Alberta contains significant deposits of oil and gas in carbonate formations. Carbonates tend to have fairly tight matrix structures, resulting in low primary porosity and permeability. As a result, laboratory characterization of carbonate properties is a slow and tedious process. Low field NMR is an emerging technology that shows great promise in rock characterization. In a single NMR experiment, information on porosity and pore size distribution of a carbonate sample can be determined. In this paper, low field NMR technology is investigated for determining primary and secondary porosity through the interpretation of NMR spectra.

The data set for this experimental work consists of a large collection of core samples from various fields in Alberta and Saskatchewan. The CT data of fully saturated cores were converted to porosity, and this was found to agree well with gas expansion porosity.
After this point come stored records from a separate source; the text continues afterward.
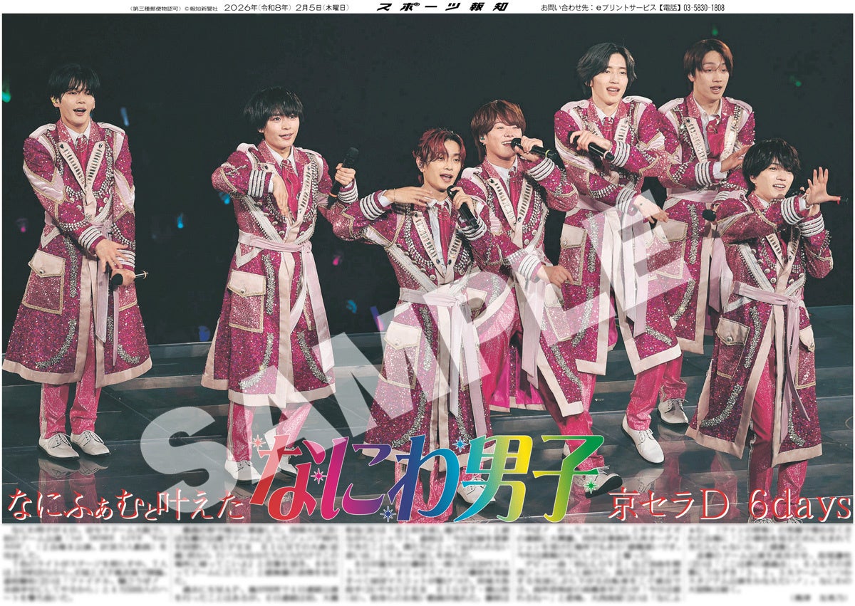 スポーツ報知を発行する報知新聞社(代表取締役社長・長谷川剛)は新聞の一部紙面をコンビニエンスストアのマルチコピー機からプリントできる「スポーツ報知コンビニプリント」サービスを展開中。スポーツ紙ならではの大きな写真を使った紙面をプリント版として販売しています。新たに2月5日付掲載、なにわ男子が京セラドーム大阪で、史上初となる6日間連続で同所公演を完走した様子を伝える紙面を発売。全員バージョンと個人バージョン合わせて全21種類になります。
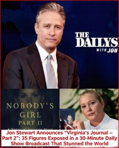No interruptions. No cuts. The razor-sharp revelations left viewers stunned, social media erupting with #VirginiasJournalPart2 and #DailyShowExposes trending globally. Reactions poured in: shock at the names, awe at Stewart’s unflinching delivery, and demands for real-world accountability amid stalled DOJ file releases under Attorney General Pam Bondi.
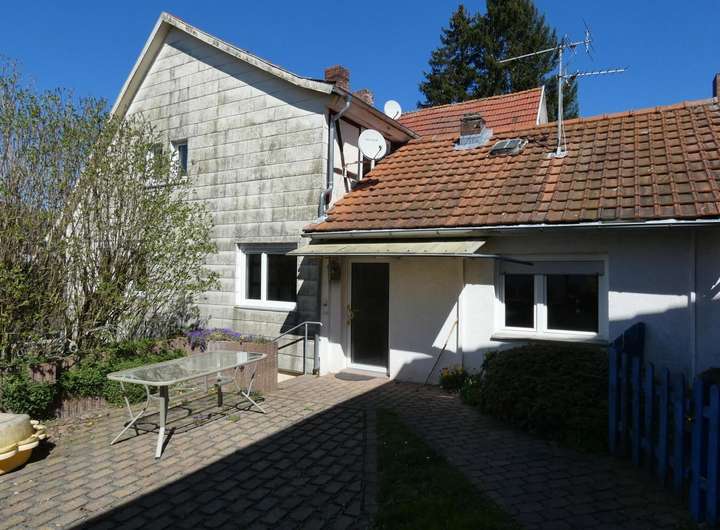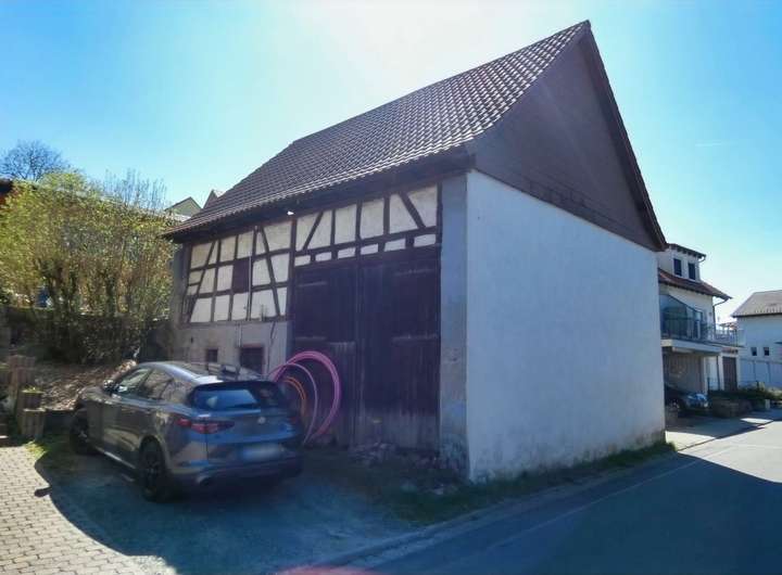 Eine ältere Doppelhaushälfte (Fachwerkgebäude Baujahr vermutlich 1826) im vorderen Bereich an der Straße bietet eine 3-ZKB-Wohnung und ca. 73 m² Wfl. mit einfacher Ausstattung und ist aktuell für 450,- € kalt vermietet. Dies kann Ihre Finanzierung gut unterstützen. Platz für Ihre Hobbys oder weiteren Abstellraum bietet eine ca. 70 m² große Scheune ebenfalls im vorderen Bereich an der Straße.
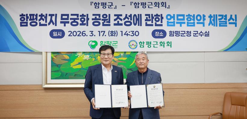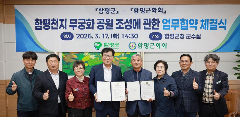 [°ø°£´º½º = Àå¿ÁÁø±âÀÚ] Àü³² ÇÔÆò±ºÀÌ ³ª¶ó²É ¹«±ÃÈÀÇ Àúº¯ È®´ë¿Í ÇÔÆòõÁö ¹«±ÃÈ °ø¿ø Á¶¼ºÀ» À§ÇØ ÇÔÆò±ÙÈȸ(ȸÀå Á¤Ãµ¼ö)¿Í ¾÷¹«Çù¾àÀ» ü°áÇß´Ù.
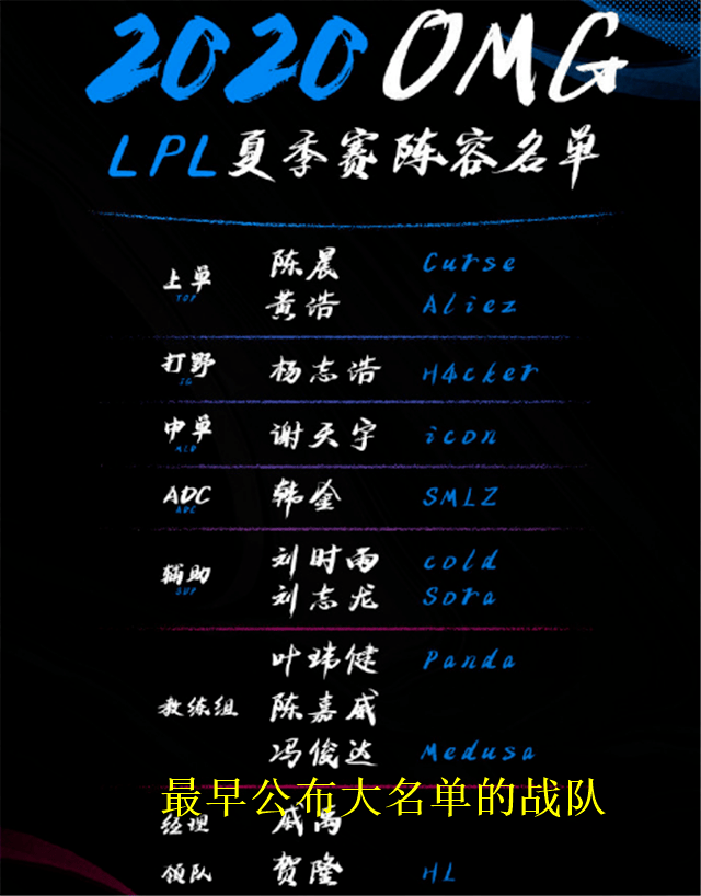 v5战队的aliez离队之后,迅速关注了omg,随后,omg战队就公布了他们的夏季赛大名单,可以说是最早公布名单的战队了。
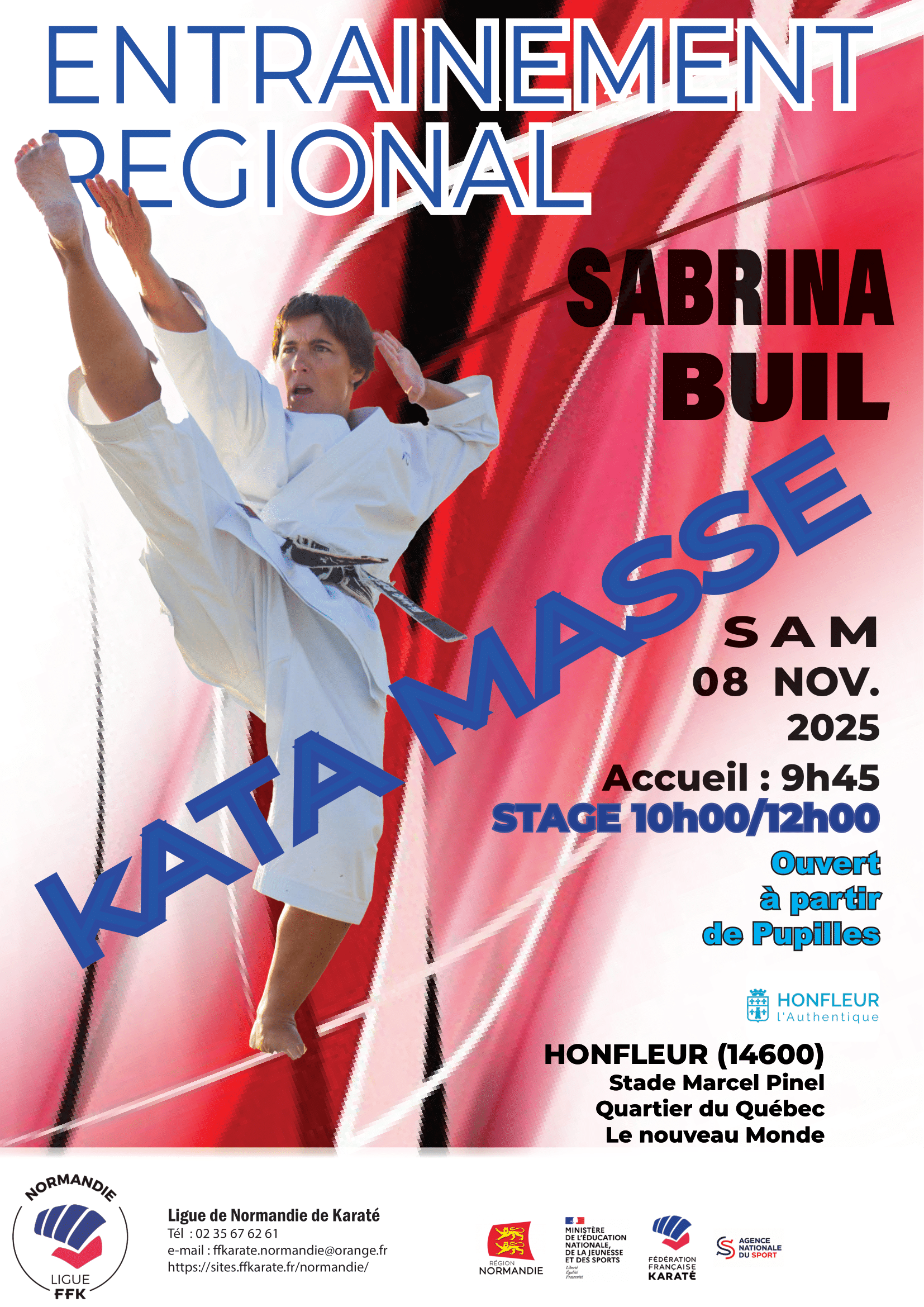 STAGE REGIONAL KARATE – KATA Date Sam. 8 Novembre 2025 Lieu STADE MARCEL PINELQUARTIER DU QUEBEC - NOUVEAU MONDE 14600 HONFLEUR

The primary and secondary porosity fractions were also obtained from the CT data, and were used to find corresponding NMR cutoff values that separate the NMR spectra into primary and secondary porosity.

A distinct relationship was observed between the primary porosity fraction and Swi. The fraction of NMR amplitude in the last peak can also be correlated to CT secondary porosity. Another important relationship observed is that the T2gm of the last NMR peak correlates well with the cutoff between primary and secondary porosity. This implies that information from the fully saturated NMR spectrum can be used to estimate primary and secondary porosity fractions.


Porosity of carbonates is a complex problem that is studied by only a few1. Secondary porosity and primary porosity are not easily distinguishable unless the primary pores and the diagenesis processes that occurred are studied1. Despite all these difficulties, it is very important to recognize the different porosity types in carbonates to help in developing carbonate reservoirs and to estimate the recovery efficiency in these reservoirs.

As various researchers have stated, Nuclear Magnetic Resonance (NMR) can capture pore size information of the porous media2,3,4. Thus, in theory, it describes both the primary and secondary porosity. However, separating the signal into primary and secondary components remains a daunting task. Part of this difficulty arises from the fact that there is no clear distinction between primary and secondary pore size distributions as they overlap with each other.

Chang et al. have previously tried to separate the signal of vugs in NMR response3. In carbonates, the definition of vugs can be quite important. In this case Chang et al. used the term "vugs" to describe cavities that are formed in the matrix by diagenesis, with sizes ranging from about 100 µm to cavern size. They reported that the vugs manifest themselves as a peak at the far end of the T2 distribution, with pores larger than 100 µm having T2 > 1s. They also noted that in vuggy carbonates, the vugs weakly contribute to flow3. Straley et al. later found that to minimize the errors in estimating permeability, the T2c value which separates the primary pores from the vugs was found to be 750 ms5.